L’immigration confronte chacun à l’altérité, à des différences et des tensions qui peuvent être difficiles à appréhender. Le film de Rosine Mbakam nous immerge dans un monde qui n’est peut-être a priori pas le nôtre, dans un salon de coiffure dont nous n’aurions peut-être jamais poussé la porte. Il prouve pourtant que nous partageons plus avec ces femmes que ce que nous pouvions penser. Le migrant n’est alors plus la victime sans visage d’une énième tragédie en Méditerranée, mais un être humain, avec ses peurs et ses joies. Rosine Mbakam offre dans sa démarche une opportunité de « décoloniser son regard », de se dire que « L’autre, c’est aussi une partie de moi ».
Nina Cottam
Interview de Rosine Mbakam réalisée le 12 février 2020 par Nina Cottam
[1] Zygmunt Bauman, sociologue, explique ce qu’est la tontine : « Les tontines sont des associations regroupant des membres d’un clan, d’une famille, des voisins ou des particuliers, qui décident de mettre en commun des biens ou des services au bénéfice de tout un chacun, et cela à tour de rôle ».
[2] Le cinéma ethnographique fait appel à l’anthropologie, l’étude de l’homme, pour donner une image plus proche et juste des populations filmées. La caméra doit participer aux événements filmés.

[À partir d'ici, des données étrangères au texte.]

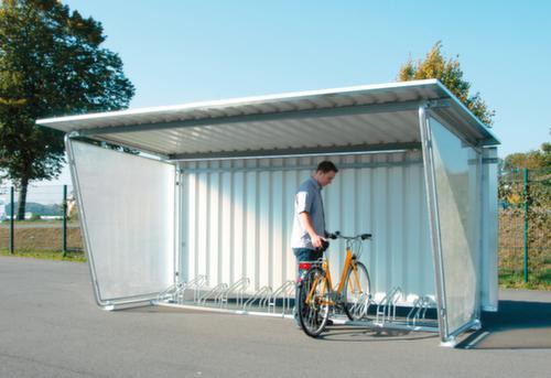 "description": "f. Fahrradüberdachung, Anbau links, Wand Trapezblech verzinkt/pulverbeschichtet, RAL9002, Aufpreis",

[3] Jean Rouch est l’un des pionniers du cinéma ethnographique. Anthropologue de formation, il a beaucoup travaillé au Niger et au Mali. Il a notamment filmé les cérémonies de transe du peuple Haouka au Niger (Les Maîtres fous{}, 1955). Grâce à une voix off, il permet aux spectateurs d’accéder à une meilleure compréhension des traditions de cette ethnie.